The Vitamin D Inflammatory Burden Score (VDIBS) integrates vitamin D status, systemic inflammation (CRP, ferritin), and coagulation activation (D-dimer, LDH) into a simple 0–7 point composite index calculated at hospital admission. Risk stratification identifies three prognostic groups: low-risk (VDIBS 0–2, N = 178/301, 59.3%) with 8.4% severe disease and 0.6% mortality; moderate-risk (VDIBS 3–5, N = 245/301, 81.4%) with 45.7% severe disease and 2.0% mortality; and high-risk (VDIBS 6–7, N = 89/301, 29.6%) with 78.6% severe disease and 9.0% mortality. Each risk tier receives a distinct monitoring intensity (vital sign frequency, laboratory reassessment schedules, and imaging protocols), escalation triggers (clinical and biochemical thresholds mandating care tier advancement), and evidence-based pharmacological management including vitamin D repletion strategies (maintenance, high-dose correction, or emergency IV calcitriol), corticosteroids (dexamethasone), antivirals (remdesivir), immunomodulators (tocilizumab, baricitinib), and anticoagulation (prophylactic to therapeutic dosing). A mandatory reassessment at 48–72 h with a VDIBS recalculation enables dynamic de-escalation (improvement ≥ 2 points) or escalation (worsening ≥ 2 points) pathways based on the biomarker trajectory and clinical response, optimizing resource allocation during surge conditions while minimizing unnecessary intensive care utilization. Left panel: VDIBS calculation tool with stepwise component scoring. Center panels: Risk stratification with expected outcomes, monitoring strategies, and escalation triggers for each tier. Right panel: Pharmacological management protocols by risk group. Bottom panel: 48–72 h reassessment algorithm with de-escalation pathways and expected clinical trajectories. Color coding: green = low-risk, orange = moderate-risk, red = high-risk. All outcome data are derived from a prospective cohort (N = 301) with complete VDIBS component measurements (September 2022–December 2023). CRP, C-reactive protein; ICU, intensive care unit; LOS, length of stay; IV, intravenous; IU, international units; BID, twice daily; Q, every; HFNC, high-flow nasal cannula; NIV, non-invasive ventilation; ARDS, acute respiratory distress syndrome; ECMO, extracorporeal membrane oxygenation.
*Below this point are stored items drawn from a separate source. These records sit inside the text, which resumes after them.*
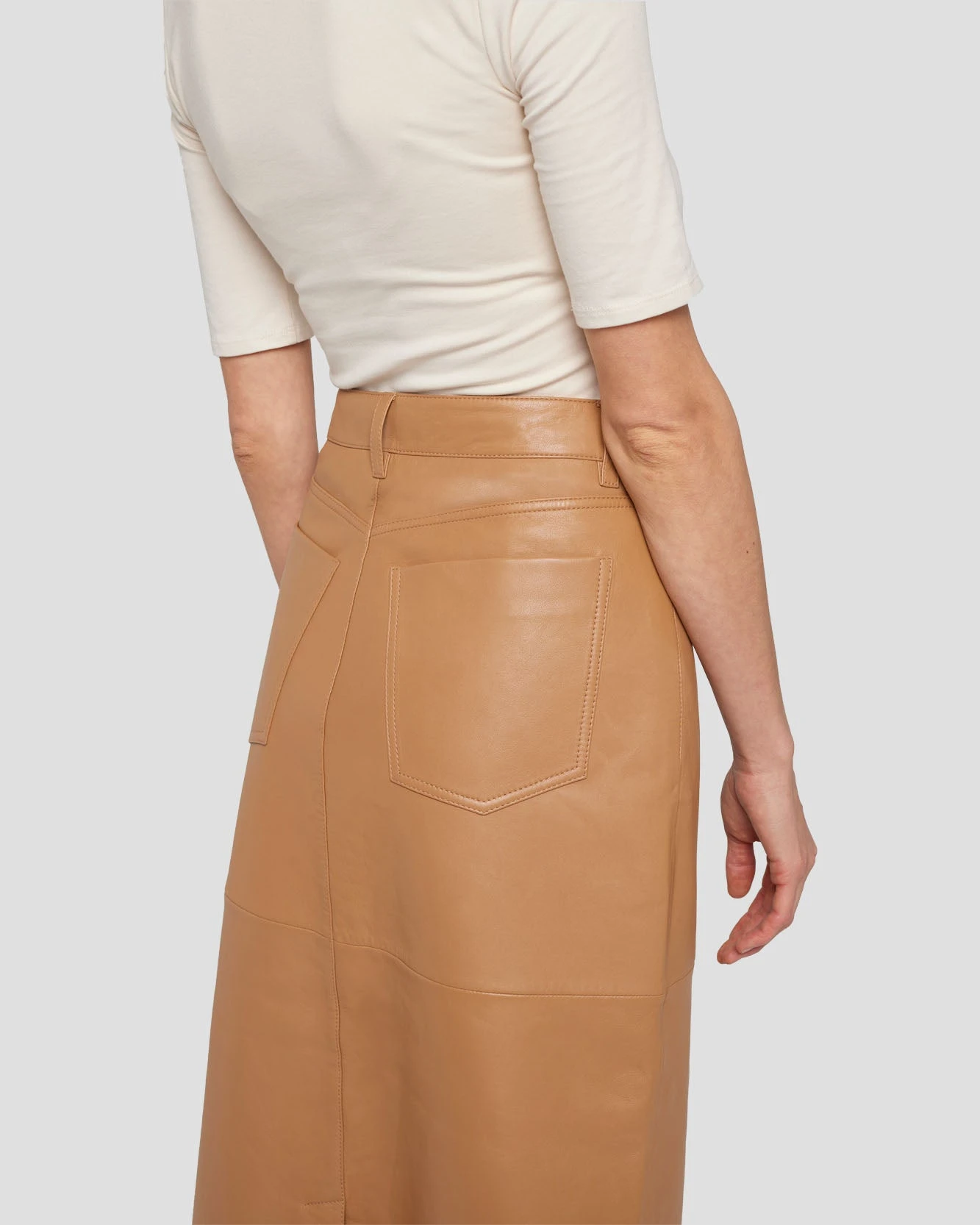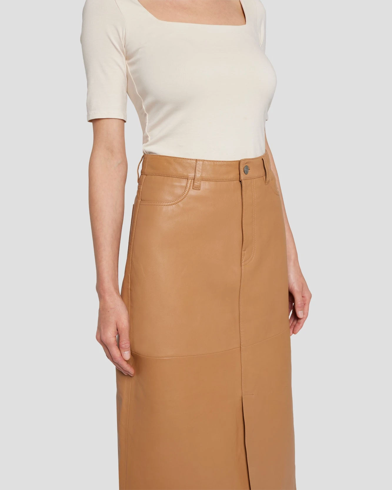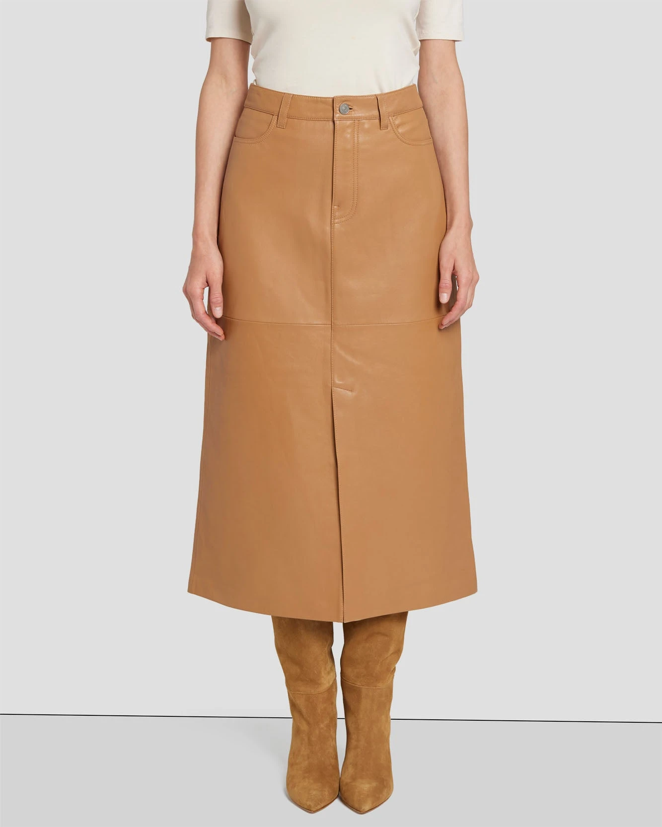 7 For All Mankind Leather Midi Skirt In Brown Sugar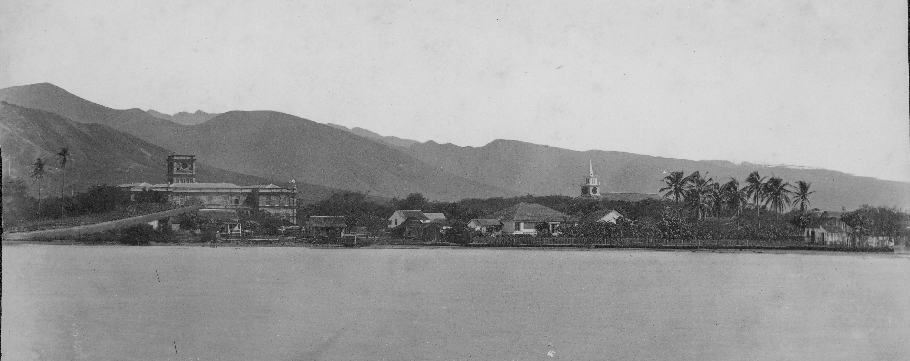 Honolulu waterfront and harbor c. 1885, Aliiolani Hale on left and Kawaiahao Church in distance, courtesy of Hawaii State Archives.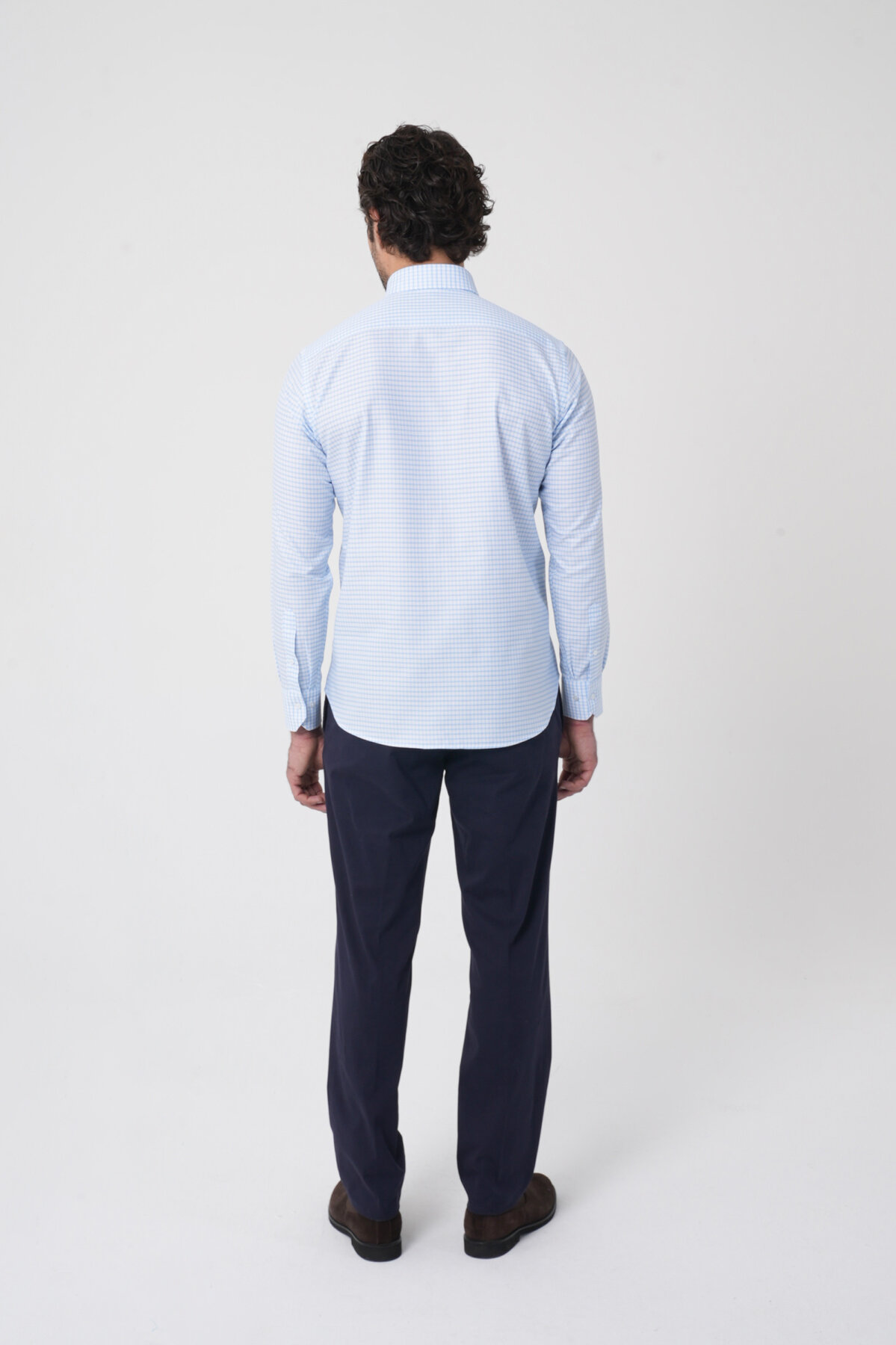 Uzun Kollu Paşa Yaka Regular Fit Erkek Mavi Gömlek Mavi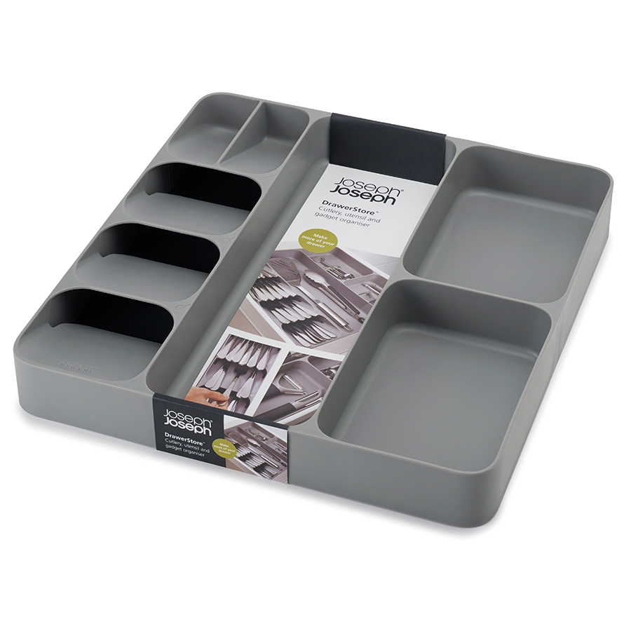 Новый органайзер позволяет компактно хранить столовые приборы и кухонные инструменты в одном ящике. Уникальный дизайн сэкономит место и упорядочит все предметы. Подходит для ящиков от 8 см.

Critical safety caveats: (1) These recommendations represent suggested initial management strategies based on the current evidence synthesis and require individualization based on local formulary, patient comorbidities, institutional protocols, and physician clinical judgment. This framework does NOT constitute a directive clinical protocol but rather a starting point for shared decision-making. (2) High-dose vitamin D therapy (>10,000 IU daily or IV calcitriol) should only be undertaken with baseline measurements of serum calcium, phosphate, and creatinine/eGFR, followed by the regular monitoring of serum calcium every 3–5 days during high-dose therapy. (3) Absolute contraindications to high-dose vitamin D include a history of hypercalcemia, eGFR < 15 mL/min, active granulomatous disease (sarcoidosis, tuberculosis), or concurrent thiazide diuretics. (4) Vitamin D dosing should be adjusted for the baseline serum 25(OH)D_3_ concentration—patients with a severe deficiency (<30 nmol/L) may require higher initial doses with more intensive monitoring. (5) Clinicians should consult institutional protocols, specialist recommendations (endocrinology, infectious disease, and ICU), and current clinical practice guidelines before implementing high-dose vitamin D regimens. See Discussion Section 3.4 for evidence synthesis and detailed safety considerations.
3.4. Evidence Basis, Safety Considerations, and Implementation Guidance for Vitamin D Repletion
The heterogeneity in trial outcomes underscores the critical importance of VDIBS-based risk stratification for guiding vitamin D repletion decisions. While high-dose regimens show promise in highly selected populations (CÓRDOBA trial with calcifediol in hospitalized patients) [43], the negative results from the SHADE trial and delayed-intervention studies highlight that formulation, timing, patient baseline vitamin D status, and inflammatory burden are critical determinants of efficacy [48]. Our proposed framework leverages this evidence by stratifying patients into three clinically actionable groups: low-risk patients, who may benefit from standard preventive supplementation without intensive monitoring; moderate-risk patients, who warrant early deficiency correction using standard loading-dose protocols; and high-risk patients, in whom higher-intensity repletion with active metabolites (calcifediol or IV calcitriol) may be considered, though only with documented baseline safety parameters and mandatory close monitoring due to hypercalcemia risk.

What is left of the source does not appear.